I think this is why people in this thread aren't all gung-ho for marijuana in dogs. Wish in one hand and crap in the other and guess which one fills up first, as my family says. 

And it is likely not to happen without someone funding it. I looked on Morris Animal Foundation - that would be a place to bring this to, didn't see it, take a look. 

I am all for complete legalization for adults. Adult humans.


----------



## Yoschi's_Pet_Human

At the same time,, if cigarettes and alcohol were discovered today they would both be illegal... marijuana smoke is hundreds of times more carcinogenic than tobacco smoke... granted, people aren't inhaling the quantities of marijuana smoke that they are of tobacco and it isn't physically addictive,,, but it can and does kill. I do think it should be legal as long as alcohol is legal... but please do not minimize the damage it does.



LaneyB said:


> _I totally agree. I've never seen marijuana hurt anything, and I feel if it hadn't been made illegal and demonized, and someone discovered the plant today, there would be research going on about all the beneficial qualities... for every living being... _
> __________________
> 
> I don't care if people smoke it or not. I am completely indifferent to marijuana. But I do think proponents of it tend to overlook some of the harm it might cause. And I wouldn't give it to an animal any more than I would a child. "
> 
> This study below only links usage with cancer - no causal relationship was proven.
> Study Links Marijuana Use to Testicular Cancer
> 
> also, when I worked oncology at an extremely liberal university hospital we were told in our chemo class that while marijuana does help some patients its efficacy is exaggerated by the pro-marijuana crowd. Zofran is a better antiemetic. That said, marijuana has been useful in helping AIDS pts with maintaining their weight, so it does have some valid uses. And I do feel that if marijuana is helpful to a particular patient they should certainly be able to obtain it. It just annoys me a bit when people act like it is a wonder drug. I agree more research is needed.
> 
> ScienceDirect.com - Pharmacology Biochemistry and Behavior - Antiemetic efficacy of smoked marijuana: Subjective and behavioral effects on nausea induced by syrup of ipecac


----------



## msvette2u

LaneyB said:


> I don't care if people smoke it or not. I am completely indifferent to marijuana. But I do think proponents of it tend to overlook some of the harm it might cause. And I wouldn't give it to an animal any more than I would a child.
> 
> This study below only links usage with cancer - no causal relationship was proven.
> Study Links Marijuana Use to Testicular Cancer
> 
> also, when I worked oncology at an extremely liberal university hospital we were told in our chemo class that while marijuana does help some patients its efficacy is exaggerated by the pro-marijuana crowd. *Zofran is a better antiemetic.* That said, marijuana has been useful in helping AIDS pts with maintaining their weight, so it does have some valid uses. And I do feel that if marijuana is helpful to a particular patient they should certainly be able to obtain it. It just annoys me a bit when people act like it is a wonder drug. I agree more research is needed.
> 
> ScienceDirect.com - Pharmacology Biochemistry and Behavior - Antiemetic efficacy of smoked marijuana: Subjective and behavioral effects on nausea induced by syrup of ipecac


I went to the dr. with a kidney stone a few months ago and they gave me a shot of Zofran for the associated nausea. It was amazing. Within 20 min. I felt I could eat, so I did. I'd been on the verge of vomiting just 1/2 hr. earlier!

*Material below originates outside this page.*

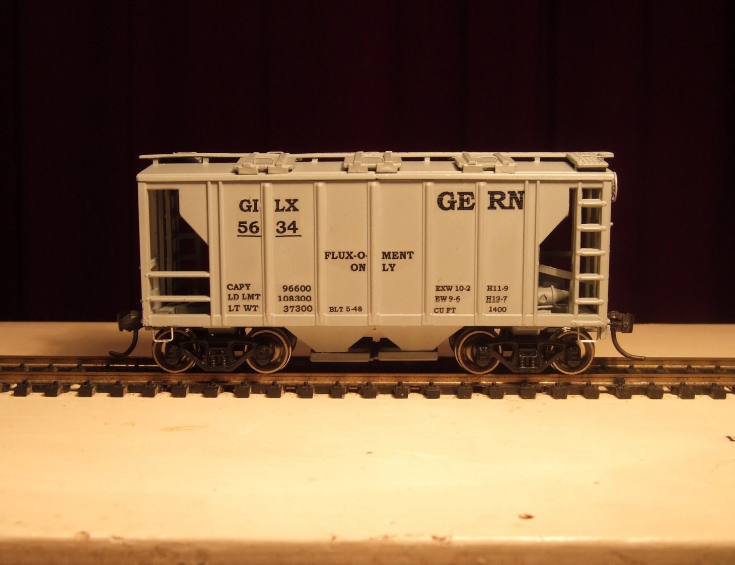 The roof and roof walk is made from .020” styrene sheet that I scribed as I’d seen plans of a wooden roof hopper, the hatches were scratched using the hatch dimensions from a Tichy cement car I’d recently completed and the green bracing was my rough interpretation from the plans of a PRR H30 I’d seen. (This was before Bowser had produced their RTR version).

From the Colorado article...
Colorado Vets See Spike In Cases Of ‘Stoner Dogs’ CBS Denver

* Most of the time the dogs will end up showing symptoms such as staggering, acting lethargic, vomiting, and being overly sensitive to sound and light. Sometimes they fall into a coma. It’s the doggie equivalent of a “bad trip.” After treatment most are back to normal within 24 hours.*

People put their own emotions/feelings/experiences on a dog, and figure "If it's fun for me, it'll be fun for Fido!" How ridiculous and egotistical is that??


----------



## LaneyB

Yoschi - the first part of my post was quoted from dazedtrucker. I didn't post it correctly with his name on it. I will try to fix it. I agree with you, which was what I was trying to say with the rest of my post. I don't believe marijuana is free from side effects.


----------



## gagsd

GusGus said:


> I am so sorry if this is not allowed or in the wrong place, but I was reading info off a link someone posted and was wondering if anyone had any articles about this:
> 
> The effects of marijuana on dogs. I don't mean them eating it, but getting the smoke from it (blown in noses and ears.) It got me thinking to a time long ago where I read on another forum that people were doing this to dogs/ cats.
> 
> I'd really like to hear a scientific side of it.


Let's keep this on topic, since this is the Health and Wellness Forum, not Chat room.


----------



## msvette2u

gagsd said:


> Let's keep this on topic, since this is the Health and Wellness Forum, not Chat room.


How is the discussion off topic...?


----------



## gagsd

msvette2u said:


> How is the discussion off topic...?


Consider it a general reminder.


----------



## msvette2u

I mean, there really doesn't seem to be a "topic" at hand (other than the use of MJ in pets), if you mean only talk about a "scientific side" of it, then there wasn't any studies done, it seemed??


----------



## Sawwahbear

well, as with people, I think it depends on the individual, I had a friend who had two jack russles, and he smoked A LOT of pot, one of the dogs would always leave the room, the other would always stay, one time even, my friend blew a bunch of smoke into a pillow case and when he opened it, the dog jumped in!


----------



## jae

I am all for holistic and natural remedies, but there are substances that canines can not have. ie, onions are wonderful for us, but terrible for dogs. chocolate is known to lessen stress, but kills dogs. i love beer (so does my dog really) but wouldn't actually give it to them.
In my opinion, same with mj, it is a good thing, but i would not give it to a dog. Not sure of any actual studies done but I have seen people get their dogs high, it seems that really freaks them out. Imagine a GSD stare, except 20x more intense, that is how dogs get. I don't think they enjoy it. 
however if actual studies were done on different strains and potency, there could be a possibility of it working.


----------



## GregK

No weed for the dogs! Couldn’t imagine them with the munchies - especially my mastiffs!!


----------



## volcano

My puppy bit my face- because I got her high. My puppy bit my face becasue I got her high. And then I got high, and then I got high, and then i got high... https://www.google.com/url?sa=t&rct...=3iHDVeyiqF_0GI5AVn9MDw&bvm=bv.41934586,d.aWc


----------



## dazedtrucker

Yoschi's_Pet_Human said:


> At the same time,, if cigarettes and alcohol were discovered today they would both be illegal... marijuana smoke is hundreds of times more carcinogenic than tobacco smoke... granted, people aren't inhaling the quantities of marijuana smoke that they are of tobacco and it isn't physically addictive,,, but it can and does kill. I do think it should be legal as long as alcohol is legal... but please do not minimize the damage it does.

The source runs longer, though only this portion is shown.